Figure 1 of Kiebel et al. 2009




Figure 4 of Kiebel et al. 2009


Initially I wasn't sure how the separation of temporal scales idea fits in with the conventional conception of the visual processing hierarchy, where progressively more abstract types of structure are processed at progressively higher brain regions in the occipito-temporal processing stream - all of which operates (at least in the majority of experimental paradigms!) on static retinal images, with no temporal structure at all. This was cleared up for me in the supporting materials, which contain (somewhat unusually) a lengthy literature review of evidence from different domains showing that the cortex does indeed show the hypothesised rostro-caudal gradient of representational time-scales. In short: properties of higher-order visual representations like orientation and motion invariance, non-retinotopicity, etc. are in general insensitive to the rapidly changing edges and contrasts of immediate sensory input, even if this rapid change is not typically included in experimental paradigms.

I think these ideas make the most sense in the auditory domain, particularly language processing, which is well-understood to contain structure at multiple temporal scales. The authors clearly recognize this, as birdsong is in many ways a simple spoken language model. In a more recent frontiers in neuroinformatics paper that is classed as a review but also describes some new results, the authors develop the model and the general argument in the direction of artificial speech recognition, making firmer contact with an already extant literature on hierarchical models in this area.

I think language researchers will be quite comfortable and familiar with the idea that higher order language regions track temporal dependencies at longer time scales; it's almost a truism. This is certainly how I understand the computational role of LIFG / Broca's region in sentence-level syntax, one of the main research foci at the CSLB. I'm not sure how the Zatorreian idea of right hemisphere regions being more specialized for longer-duration auditory features such as prosody and music fits in with the rostro-caudal gradient idea.

A final thought: perhaps there may be some relevance here to 'PASA' - the 'posterior to anterior shift in ageing (Cabeza, Davis, etc.).
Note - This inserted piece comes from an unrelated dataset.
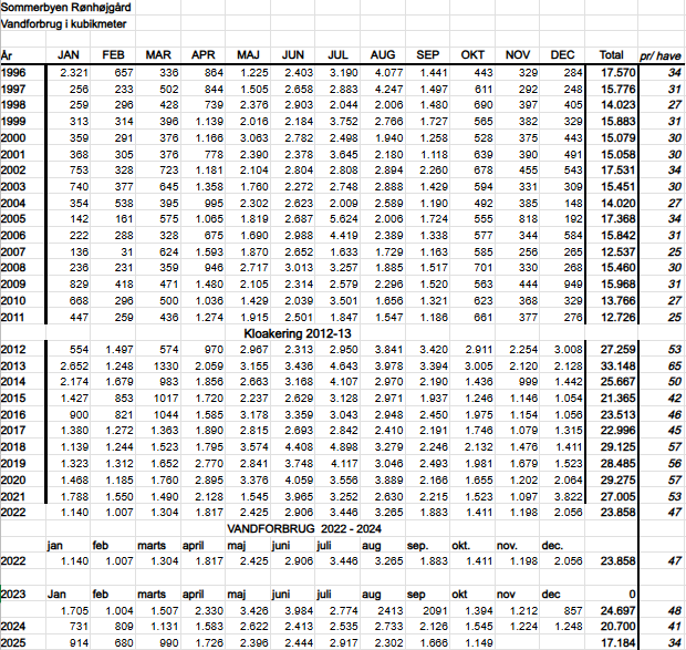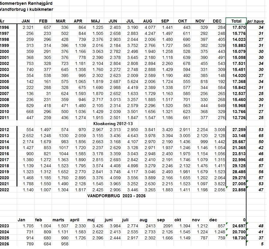 Her kan du få et samlet oveblik over vandforbruget for de forskellige år.

This refers to the observation that older adults generally engage more anterior and less posterior areas across a range of cognitive functions. This is generally understood in terms of 'compensation', utilizing more 'cognitive resources', or using different 'cognitive strategies'. I personally find these somewhat unsatisfactory as explanatory constructs. One possibility that could be explored, then, is that ageing brings with it a preference towards utilizing slower-changing aspects of the environment to inform perception, decision making, and action.

One thing is certain: whether or not the Kiebel et al. slow+fast dynamic hierarchies idea holds sway in teh long term, predictive coding (the less jazzy and more generic uncle of  Fristonian free energy) is very en vogue at the moment, and I suspect will work itself into the core neuroscience dogma before too long.


Main refs:

Kiebel, S.J., Daunizeau, J. & Friston, K.J. A Hierarchy of Time-Scales and the Brain. PLoS Computational Biology 4, 12 (2008).

Kiebel, S.J., Daunizeau, J. & Friston, K.J. Perception and Hierarchical Dynamics. Frontiers in neuroinformatics 3, 9 (2009).
 
Davis, S.W., Dennis, N.A., Daselaar, S.M., Fleck, M.S. & Cabeza, R. Que PASA? The posterior-anterior shift in aging. Cerebral Cortex 18, 1201-1209 (2008).